Qwen3.5-27B trained on FrontierSmith achieves the best Avg@5 and Best@5 results on FrontierCS and ALE-bench among the compared training sources.

The closed-ended control is important. HardTests is the seed corpus used by FrontierSmith. Training directly on those closed-ended problems reaches only 5.38 on FrontierCS and 397.18 on ALE-bench for Qwen3.5-9B, far below FrontierSmith’s 10.62 and 633.58. The gain comes from turning closed-ended tasks into open-ended optimization problems, rather than from generic coding RL.

Random reward also fails: FrontierCS reaches only 3.04 and ALE-bench 376.82. This suggests the improvement comes from meaningful open-ended reward signals, rather than exposure to the task format or RL dynamics alone.

We also test the filtering step. If we skip FrontierSmith’s filters and directly build training environments from mutated problems, performance drops: FrontierCS falls from 10.62 to 8.57, and ALE-bench from 633.6 to 564.4. The idea-divergence filter removes candidates that look open-ended but collapse to narrow solution spaces.

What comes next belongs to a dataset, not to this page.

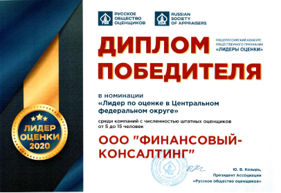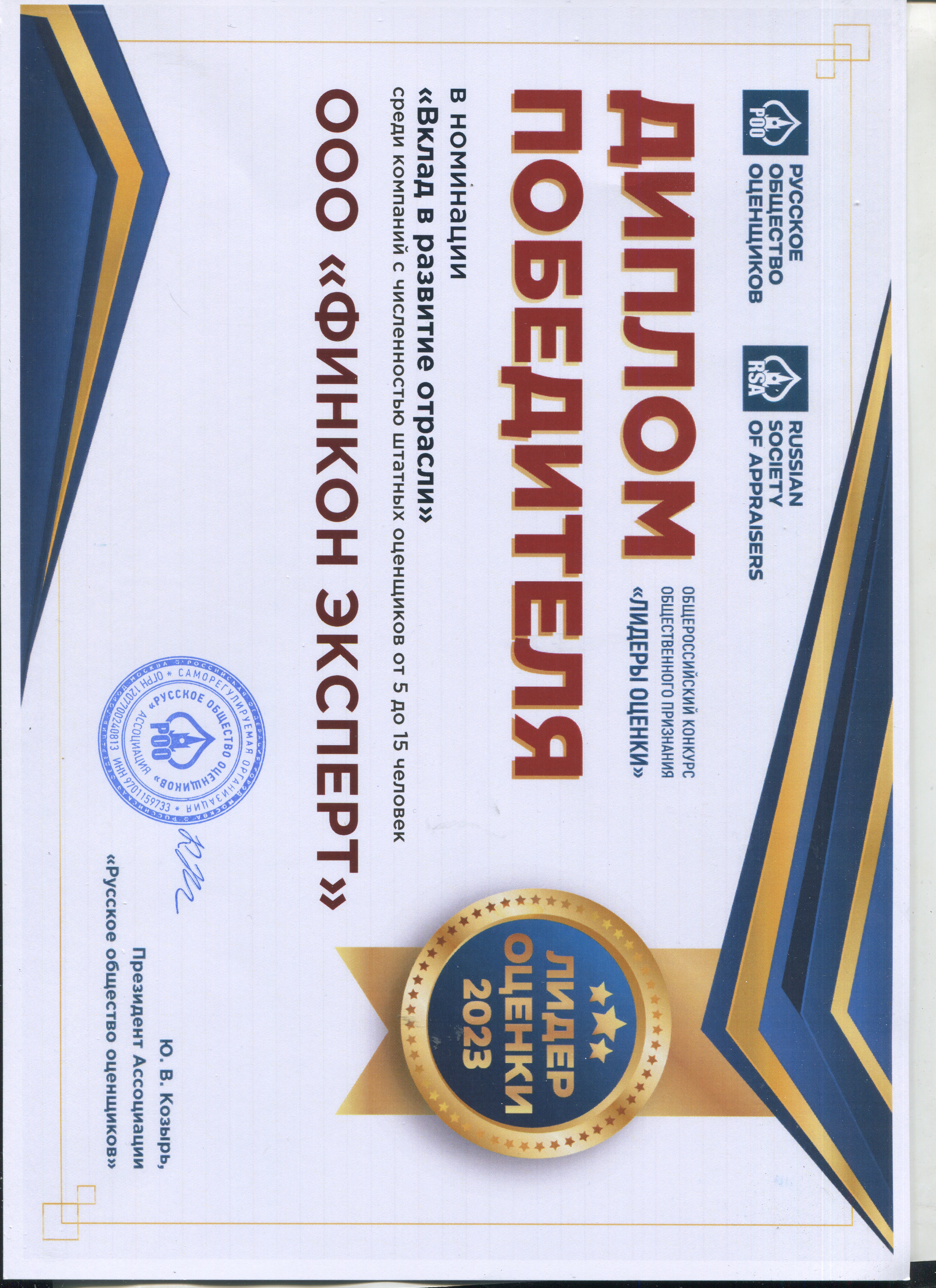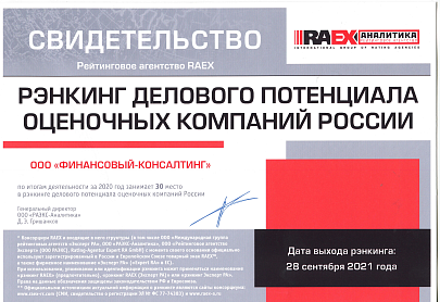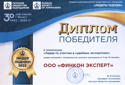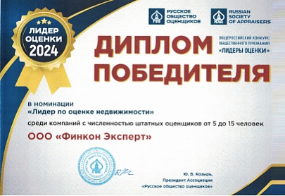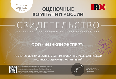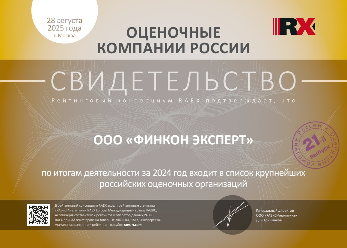 По итогам рейтинга крупнейших оценочных компаний России 2025 года ООО «ФИНКОН ЭКСПЕРТ» в очередной раз вошла в число 100 крупнейших компаний в сфере оценки и консалтинга. Также по результатам общероссийского конкурса общественного признания «Лидеры оценки» ООО «ФИНКОН ЭКСПЕРТ» признана победителем в номинации «Лидер по оценке недвижимости»

Filtering improves both in-domain FrontierCS performance and cross-benchmark ALE-bench generalization.

Finally, we check whether FrontierSmith tasks actually induce long-horizon agent behavior. We run Claude SDK with Sonnet 4.6, Codex with GPT-5.5, and Kimi Code with K2.6 on FrontierCS, FrontierSmith, HardTests, and ALE-bench.

FrontierSmith behaves like a real open-ended source. Claude SDK reaches 113 turns and 6.3M tokens on FrontierSmith, entering the same long-horizon regime as ALE-bench. HardTests stays short-horizon, and FrontierCS is shorter in this particular experiment.

FrontierSmith problems show strong solution-space diversity and elicit long-horizon behavior from modern code agents.

What We Are Releasing

FrontierSmith gives us a practical scaling path. We do not need to wait for human experts to hand-write thousands of open-ended tasks. We also do not need to pretend that LLMs can invent high-quality industrial optimization problems from nothing. We can start from the large closed-ended coding corpus that already exists, then systematically convert it into trainable, evaluable, continuously scored open-ended optimization data.

We are releasing:

Paper: arxiv.org/abs/2605.14445

Code, sample problems, and training scripts: github.com/FrontierCS/FrontierSmith

Model: huggingface.co/runyuanhe/qwen35-9b-frontiersmith

This is one step toward the data infrastructure we need for long-horizon coding agents: tasks with no single final answer, continuous feedback, meaningful exploration, and enough scale to train on.